Le Delta du Saloum a une vocation éco-touristique par excellence. C’est la raison pour laquelle il mériterait d’être mieux connu des Sénégalais et des étrangers, tant ses potentialités énormes et singulières.

A travers tout le Delta du Saloum -et particulièrement à Toubacouta- on trouve des choses que l’on ne voit nulle part ailleurs. Beauté des paysages, richesse des écosystèmes marins comme terrestres, de la faune et de la flore, l’exotisme  est garanti grâce aux populations qui ont gardé quelques pratiques traditionnelles.

Mais, le principal handicap reste l’enclavement. Rien n’est fait pour rendre accessible cet endroit paradisiaque, aux potentialités naturelles et culturelles  avérées. Les deux routes qui mènent à Toubacouta via Foundiougne-Passy ou Kaolack-Sokone, se trouvent dans un état  de dégradation très avancé depuis de longues années. Ce trajet qui, dans des conditions normales, devrait durer moins de deux heures, peut vous prendre près de quatre heures à travers des nids de poule. Qui, par la suite, vous occasionneront de multiples ennuis mécaniques. «C’est difficile, pour un touriste, de se rendre à Toubacouta ; en cause, le mauvais état de la route. Conséquence, beaucoup  d’agences de voyage ont supprimé de leurs circuits la destination du Delta du Saloum, alors que dans le passé c’était  un passage obligé, incontournable pour tout touristique débarquant à Saly ou à Dakar», indique Dr Adama Ndiaye, fondateur-administrateur du Club de vacances Kaïraba de Soucouta, à quelques encablures de Toubacouta.

La zone compte environ dix-huit réceptifs dont deux hôtels trois étoiles, le reste étant composé de campements  avec un personnel qualifié, une bonne nourriture, un accueil chaleureux des populations ; avec, cerise sur le gâteau, la légendaire téranga (hospitalité) sénégalaise.

Les dégâts causés par la politique de réciprocité ont fini aussi par faire fuir les touristes, jetant ainsi l’industrie touristique du Delta du Saloum dont Toubacouta est le poumon, dans un marasme total. D’après les témoignages recueillis auprès des acteurs, les hôtels et les campements ne sont plus remplis. «C’était bien mieux avant l’instauration de cette politique de réciprocité des visas. Maintenant, on se bat pour vivre et maintenir nos emplois», résume le gérant du campement Kaïraba (le bonheur, en mandingue), par ailleurs président du Syndicat d’initiative du touristique. «C’est un obstacle de plus pour un secteur en crise depuis de longues années», reconnaît-il, sans parler de la cherté du billet d’avion avec la taxe aéroportuaire.
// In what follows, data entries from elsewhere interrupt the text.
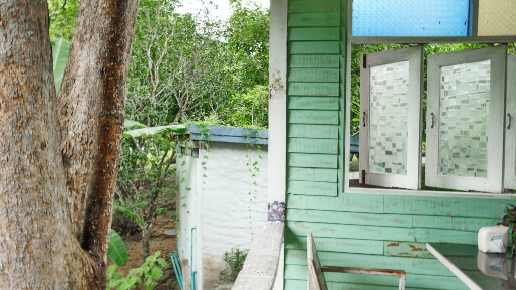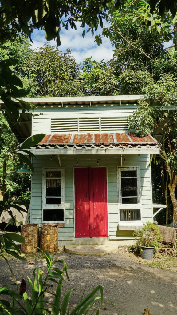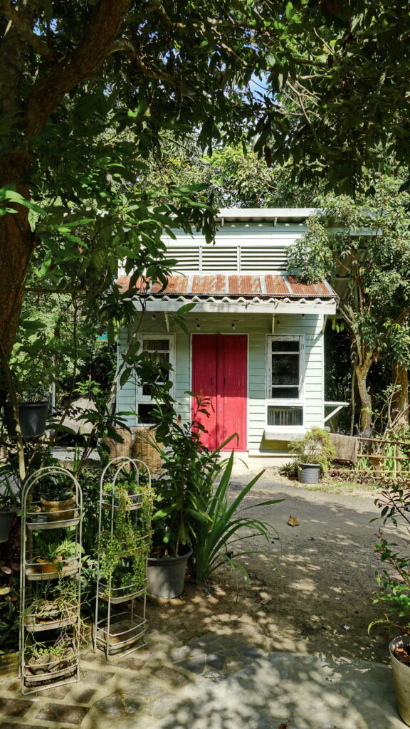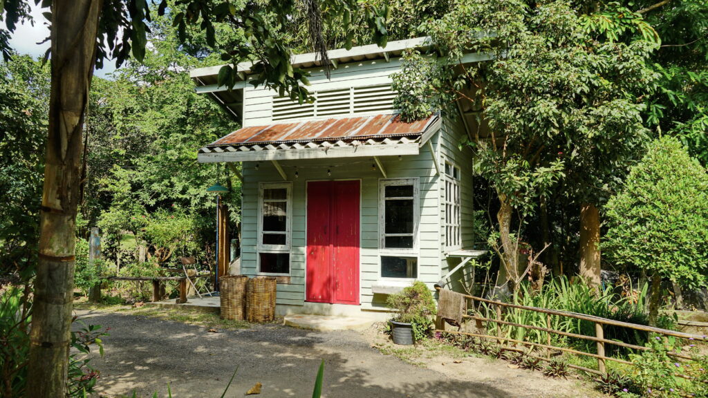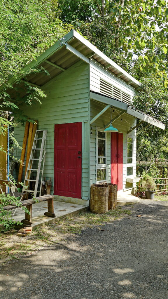 อาคารหลังต่อมาเป็นอาคารไม้ดีไซน์เรียบง่าย มีผนังเป็นแผ่นไม้ในโทนสีออกเขียวมิ้นต์ โดดเด่นด้วยประตูสีแดงสดใส โดยรวมแล้วเป็นฉากหลังที่สวยงามหากจะมาถ่ายรูปบริเวณนี้
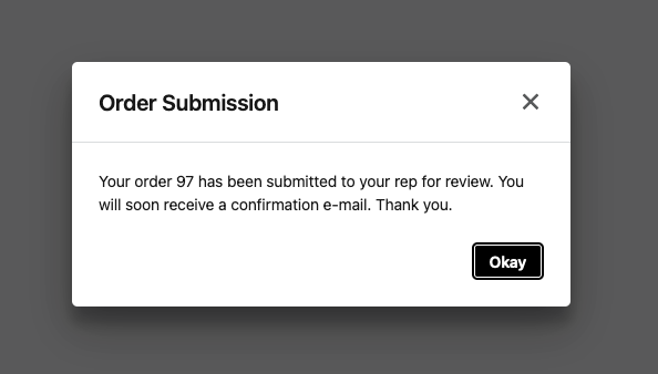 Upon submission you will see the following message below and will receive an initial order confirmation:
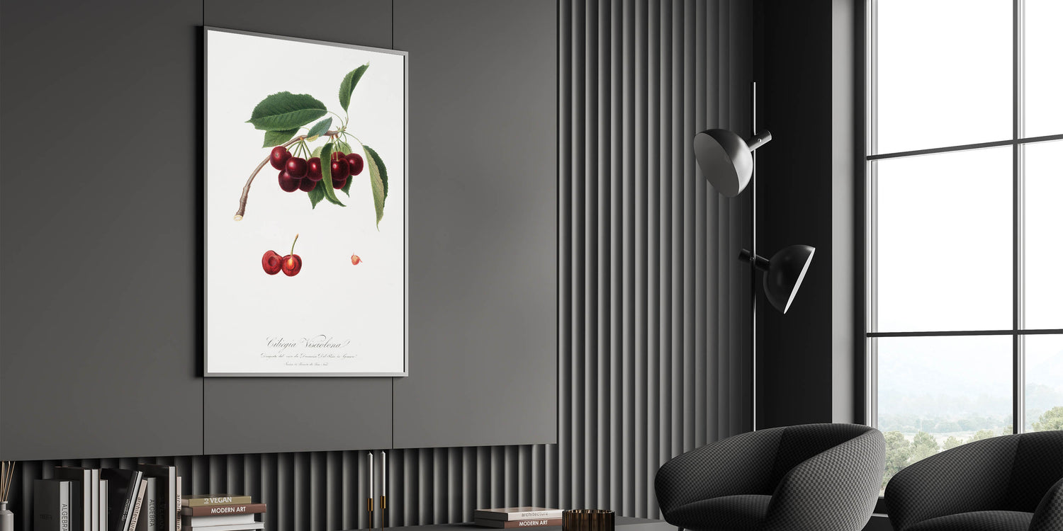 Celebrate the beauty of nature with Cherry (Cerasus Visciola), a detailed botanical illustration from Giorgio Gallesio’s Pomona Italiana (1817–1839). This exquisite artwork showcases ripe, deep-red cherries hanging delicately from a branch with vibrant green leaves. The Romantic era’s dedication to scientific precision and artistic expression shines through in this piece, blending natural beauty with timeless elegance.

Et, contrairement à ce que l’on croit, ce sont les agences de voyage qui sont les premières à ressentir le manque de touristes.
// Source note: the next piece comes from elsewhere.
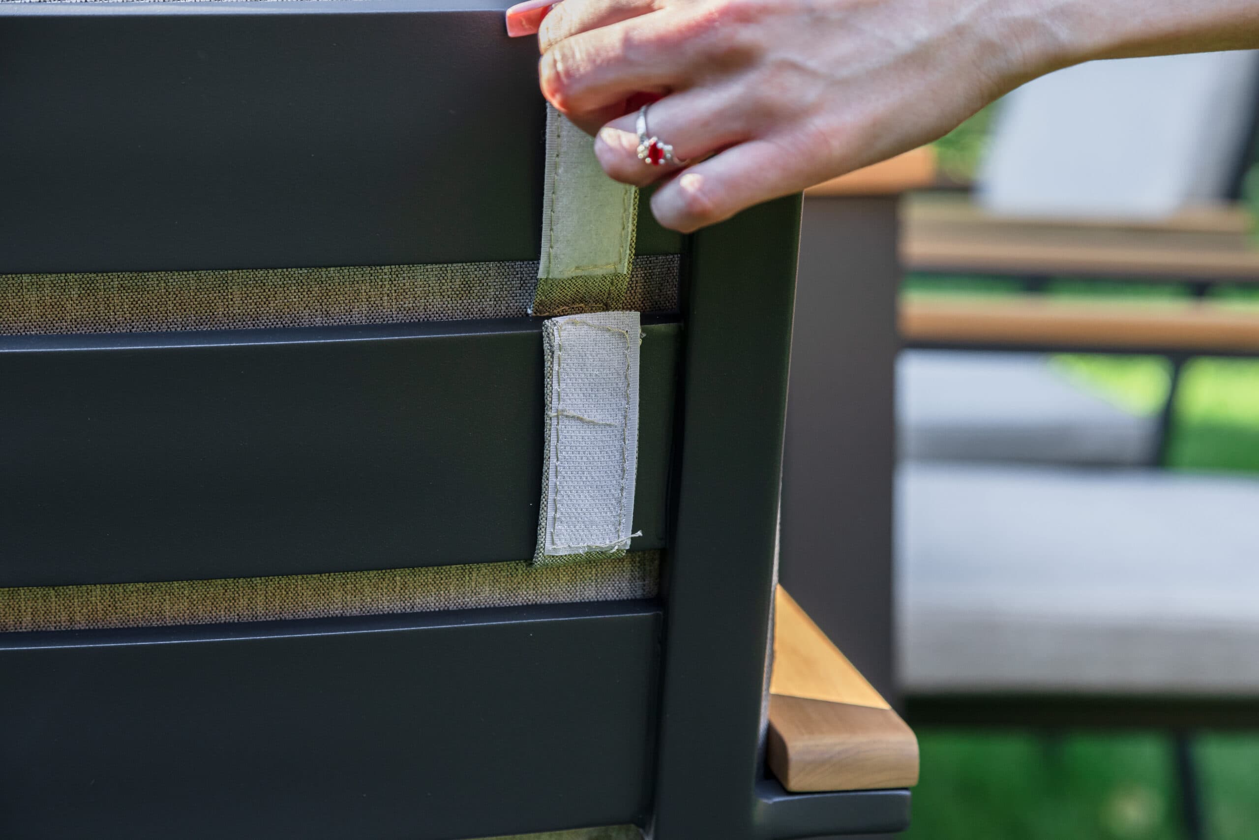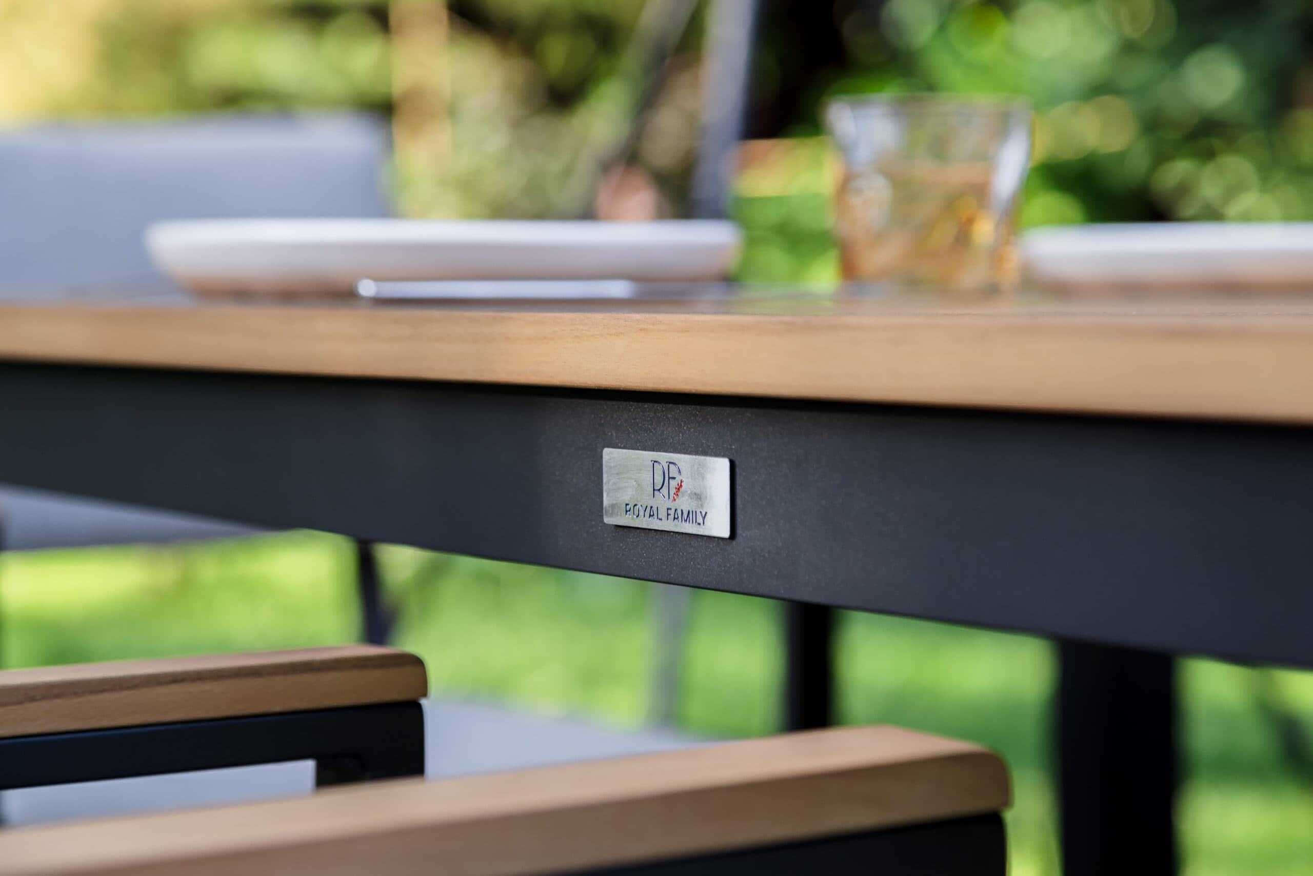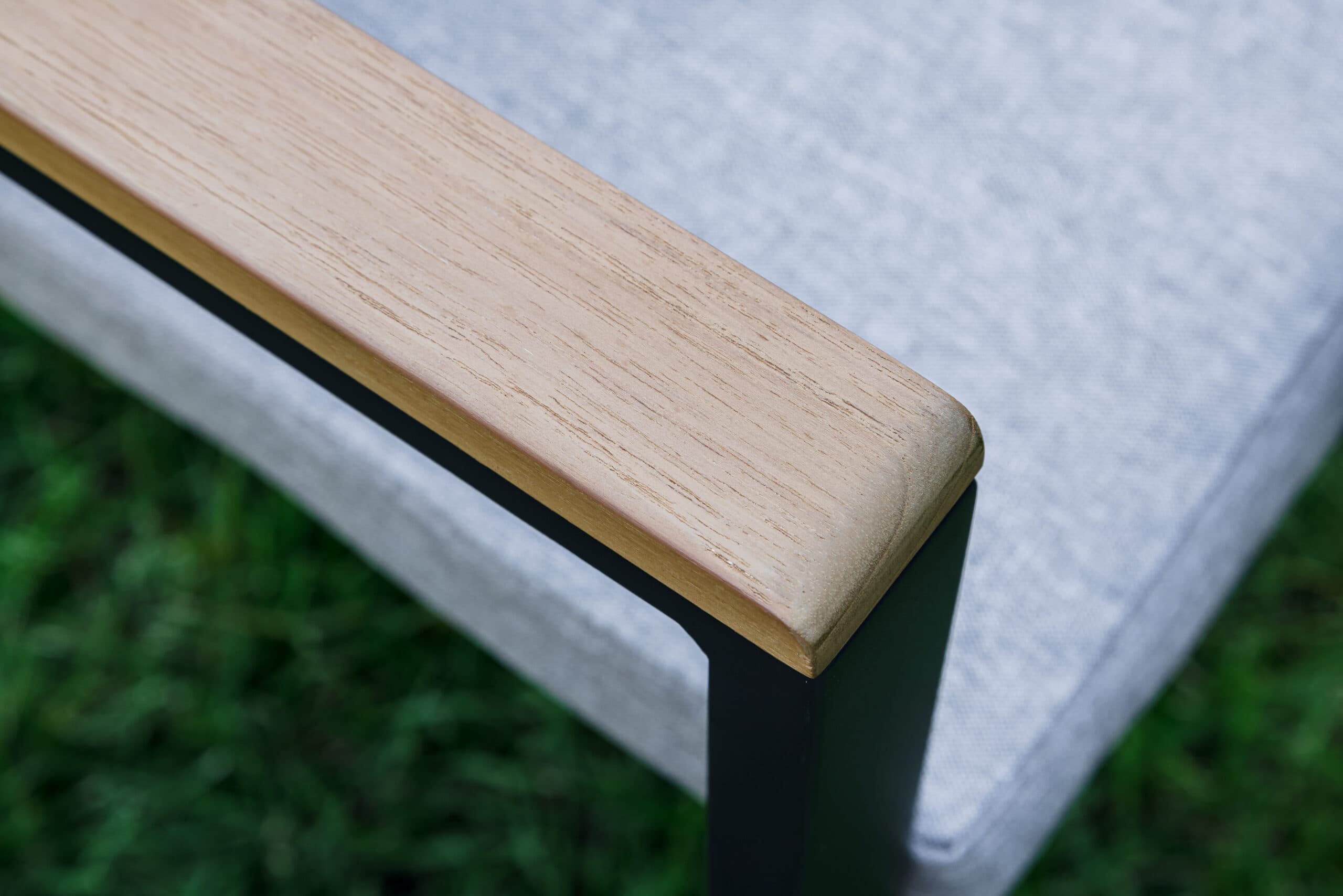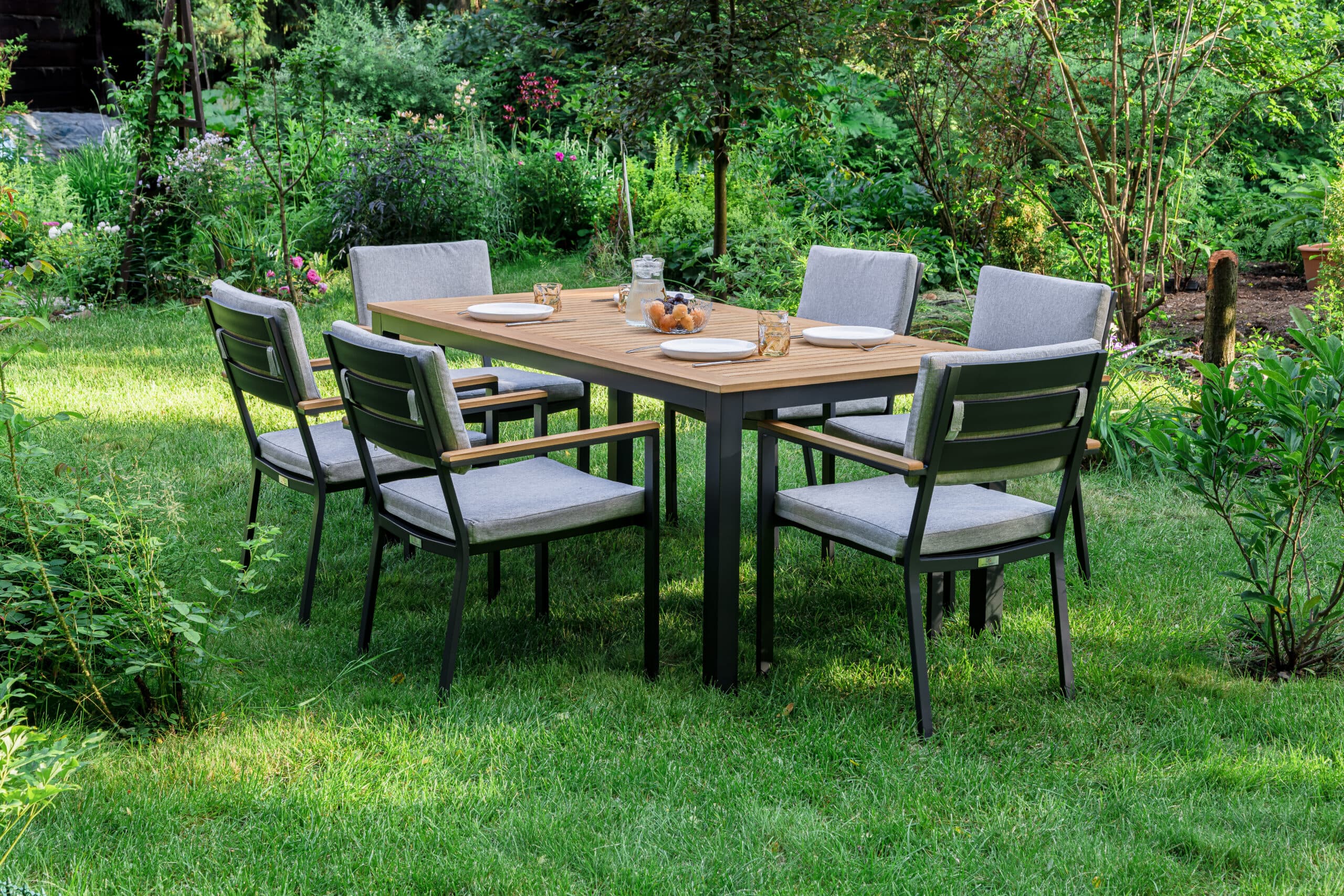 Столешница и подлокотники: Столешница выполнена из тика, что придает обеденному столу натуральный и изысканный вид. Тик также известен своей высокой стойкостью к влаге и ультрафиолетовому излучению, делая его идеальным для использования на открытом воздухе. Подлокотники кресел также выполнены из тика.

A cela viennent s’ajouter des coûts d’exploitation très élevés pour les acteurs. «La base de l’hôtellerie moderne, c’est l’électricité. Aucun touriste ne peut rester sans internet, sans les climatisations, sans  eau chaude. L’électricité, c’est la base du développement», note-t-il.

Que faire alors pour booster l’industrie touristique ? «Il faut une promotion d’envergure nationale et internationale, car la destination Sénégal est très mal connue. J’estime qu’il faut mutualiser les moyens pour créer une grande agence et, avec l’appui des pouvoirs publics, prospecter les grands marchés émetteurs comme l’Europe et la Chine. Cela passe par des  insertions dans de grands médias», suggère Dr Ndiaye, auteur  d’une thèse de doctorat sur l’écotourisme à Toubacouta.

Pour ce grand défenseur de l’écotourisme, une alternative au balnéaire classique dans lequel le Sénégal évoluait depuis de longues années : «L’écotourisme est une alternative pour sortir l’industrie touristique de la crise et Toubacouta  présente d’énormes potentialités naturelles et culturelles pour se positionner comme une destination de premier choix en écotourisme», répète-t-il inlassablement. Non sans insister sur les retombées pour les populations, de ce tourisme nouveau et porteur de «pédagogie» avec moins «d’acculturation».